Alle origini del genere

di ENZO VERRENGIA

Con “Il bacio del calabrone”, Giancarlo De Cataldo riporta in libreria il magistrato Manrico Spinori, aristocratico capitolino, con il relativo maggiordomo, Camillo, che lo chiama “signor contino”, e donna Elena, ludopate a spese del patrimonio familiare, dilapidato. Qui indaga sulla morte di Tito Cannelli, proprietario di una griffe d’eccel lenza. Spinori assiste al decessso nel laboratorio dei costumi del Teatro Costanzi di Roma.

De Cataldo, lei adesso parrebbe praticare le strade del giallo light o, come dicono gli americani, del “cozy” crime… 

Be’, mettiamola così: nella vita è bello cambiare… non ho certo abbandonato la vocazione “noir” che mi ha caratterizzato per tanti anni, ma avendo deciso di dare vita a un personaggio seriale, ho scelto di ambientare i delitti in ambienti meno marginali, che lambiscono alcuni miti della società di oggi: se ci fa caso, sin dal primo romanzo gli sfondi sono borghesi, i temi riguardano il successo nello spettacolo, la corruzione, la credulità nella magia e, adesso, la moda. Il crimine, insomma, non alberga soltanto nei bassifondi, anzi… e per raccontare questi delitti d’alto bordo, diciamo così, ho scelto un tono più leggero, meno aspro.

Il bacio del calabrone: un titolo che rimanda alla stagione del grande giallo cinematografico italiano degli anni ’70, da Dario Argento in poi, con un animale nel titolo…

 Anche qui le dico: se anche sullo sfondo ci sono grandi temi, la trama, specie in un giallo, ha il suo peso. E a volte lo scrittore rivendica il diritto di una sana eccentricità, l’invenzione di una specie di “delitto impossibile” o comunque estroso che rimanda alle origini del genere, quando si metteva in campo la sfida fra un criminale di talento e un altrettanto ingegnoso detective. Quanto poi agli anni ’70… adoro quella stagione cinematografica, i manifesti rutilanti, le trovate forse anche ingenue ma cariche di suspense… Dario Argento, poi, è un genio, l’accostamento mi onora.
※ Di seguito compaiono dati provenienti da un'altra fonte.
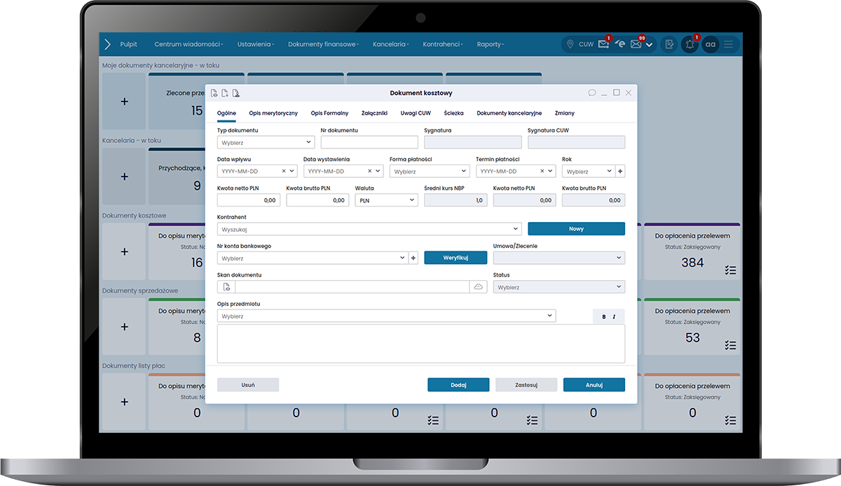 Aplikacja SmartCUW realizuje proces zarządzania i obiegu dokumentów kosztowych oraz sprzedażowych, procesowanie dokumentów kancelaryjnych, list płac, umów oraz budżetów jednostek.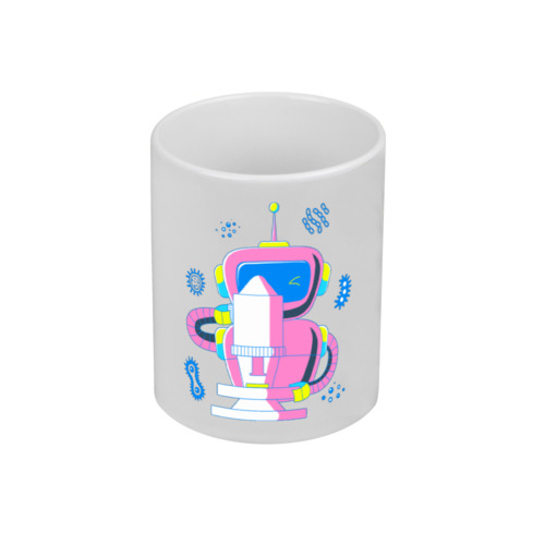 Кружка «Розовый робот-учёный с пробиркой»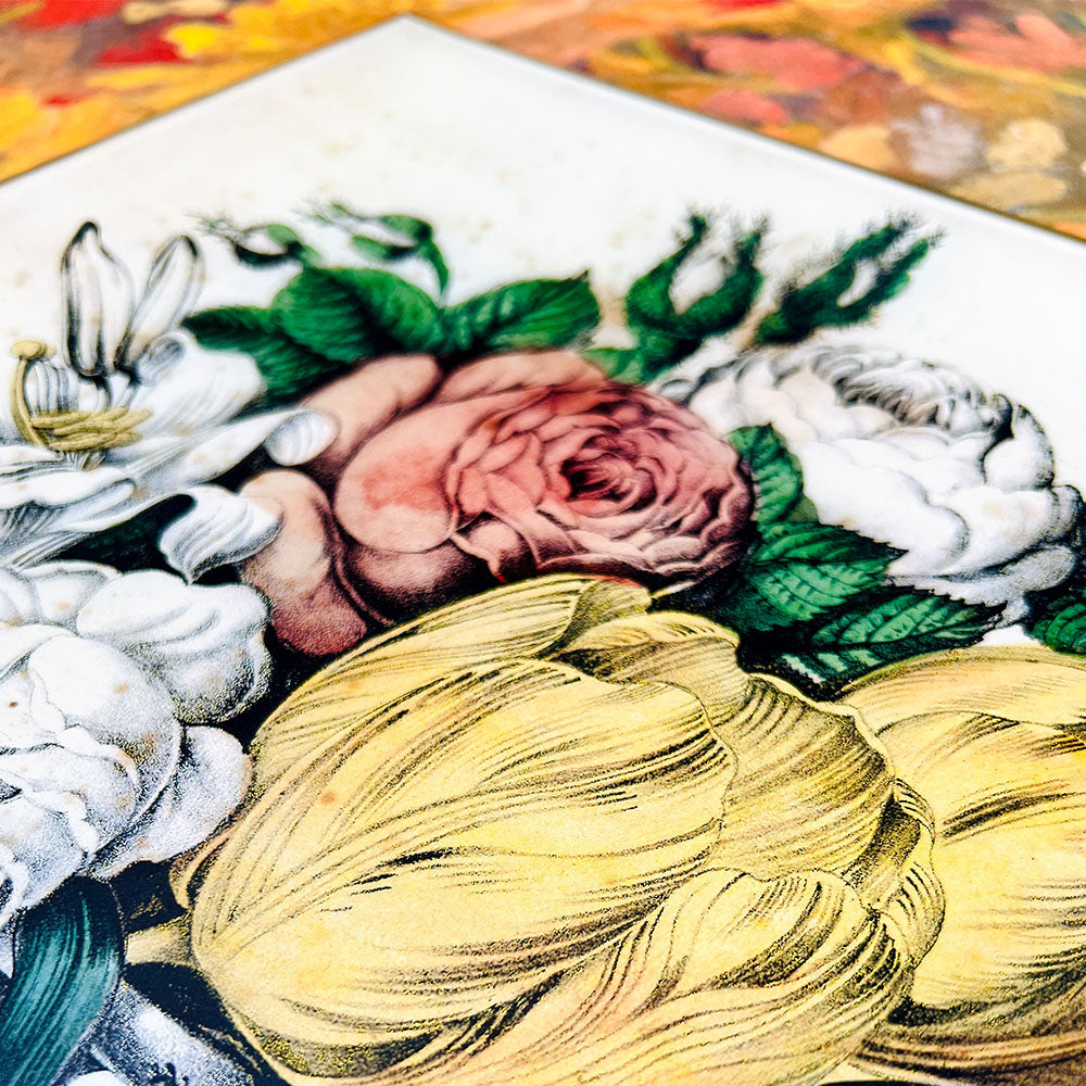 A lush 'Old Masters' style still life captured in luminous layers of glass. Deep, moody floral decoupage — the definition of a conversation piece.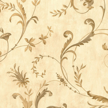 Luxury non-woven wallpaper with plant ornaments on a fine stucco background in beige.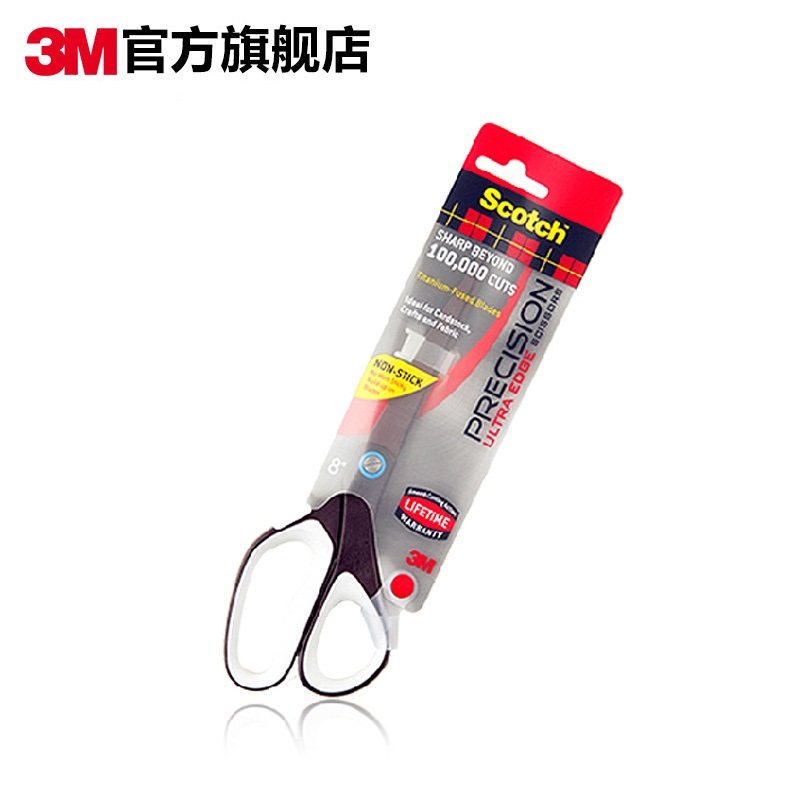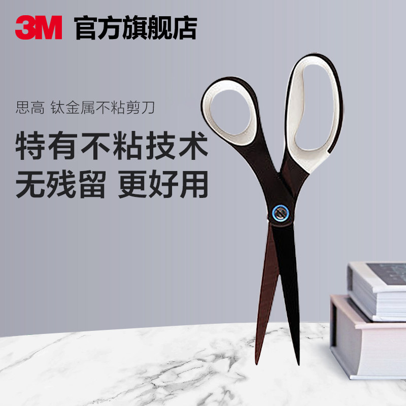 3M Sigao titanium non-stick scissors 8 inch stainless steel body safety scissors paper cutting office stationery handmade art paper cutting knife non-stick coating soft handle scissors plus hard hinge cut smooth

Il mondo della moda è l’attrattore caotico che più si addice alle dinamiche del plot e della detection.

Ho studiato, sa? Partivo da preconcetti, genere “sotto il vestito niente”, questo mondo mi appariva tutto apparenza e futilità. Poi alcune cose che mi hanno spiegato addetti ai lavori – per esempio, i fratelli Capasa, il creativo e il manager, due grandi salentini giramondo – mi hanno fatto capire che “sotto il vestito” non c’è il nulla, ma una particolare declinazione dello “spirito del tempo”. Sotto il vestito ci siamo noi, con i nostri splendori e le nostre miserie, noi in rapporto con il tempo nel quale siamo chiamati a vivere. E a sognare.

Di Manrico Spinori si avvertiva il bisogno nel giallo italiano, inflazionato di vice questori e marescialli non sempre plausibili.

In effetti, Manrico è anche il modo che ho scelto per raccontare, con un certo realismo, quel mondo del tribunale che ho frequentato per quarant’anni.